At the end of the day, life brings many forks on the road and I believe its her dedication to sports that got her though to where she is.  My daughter who didn't play sports is finally in the core of nursing program at U of Idaho, after several false starts.  We are convinced that our son, who is 8 years younger and now playing soccer in college, will finish his undergrad before my daughter will.

So the moral of the story is if she is ready to quit, probably best to listen to her.  She's most likely have learned all the life lessons the game can teach her and have formed solid foundation.  Let her go find a new passion to channel her energy and plow new field...just my thoughts.


----------



## timbuck (Apr 10, 2019)

pitch_perf said:


> 2 weeks ago,  DD dropped the bombshell that she is miserable, no longer loves soccer, and wants to quit.  I'm seeking advise from the 'been there done that' folks on this board.
> 
> A few contributing factors...
> She is a GK.  She plays highest level soccer.  She is 16.  She has nagging injuries common to keepers, the current issue is 'playable' but can't recover or repair without rest.  She has anxiety about games, which is a direct result of recent HS season and a team/coach that destroyed her confidence (team was much lower caliber and coach expected unrealistic things of her due to her high level of play/experience). Anxiety has caused physical and mental decline, which now is the filter through which she sees soccer.  She is seeing a counselor (CBT therapy) and all her doctors (physical and mental) tell her she must take 2+ months off to get her body and mind in a better place before she make a permanent and life changing decision.  She feels torn by her previous love and dedication to her sport, her team, her family, and the countless $ that have been invested in her, but is overwhelmed with her own feelings/fears/hurts/etc.  Oh, and she has a verbal commitment with full ride scholarship to a D1 program in 2 years.

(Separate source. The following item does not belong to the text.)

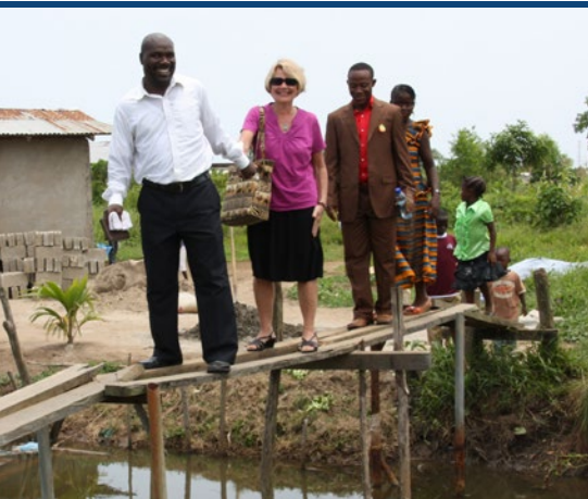
GOING TO CHURCH IN LIBERIA (A FEW YEARS AGO)

PLEASE COMPLETE THE PORTION BELOW AND RETURN IN THE ENVELOPE PROVIDED. THANK YOU.

She says her body won't last for 6 more years of soccer (2 club then college).  There is truth in that - her current, injured, exhausted body can't.  5+ years of year round soccer with no break (1-2 weeks in summer maybe) have taken a toll.  But 2 years can change a lot, right?
> ...


Dont' walk away - Run away.  If she is feeling this extreme pressure anxiety to the point where she needs CBT therapy-  Walk away.  If she is spending more time in the doctors office or physical therapists office than she is at the beach or the mall with friends - walk away.

Is it possible that something else besides soccer is causing her some mental health issues?


----------



## Surf Zombie (Apr 10, 2019)

“Is it possible, with therapy, rest, physical and mental recovery, time, and tremendous support, for her to get through this and get back in the net?”

I had to read that a couple of times. If it has gotten to this point I’d be doing a forced shut down of my child.  I’m not saying end her soccer career, but I would insist, as the parent, that she take months off. When her mind and body are right, then and only then would I get her going again, if she still wanted it.  And most importantly, if she does restart her playing days, fresh start in a healthy environment. Can’t put her back in the same spot with the same coach.  Just mho.


----------



## full90 (Apr 10, 2019)

Absolutely take a break. Call the college coach and explain where she’s at (she should either make the call or at least be on the call). If the coach is worth his/her salt they will be super supportive. If you’re worried about how they will react PM me and I’ll tell you. (I have a relative in the business). 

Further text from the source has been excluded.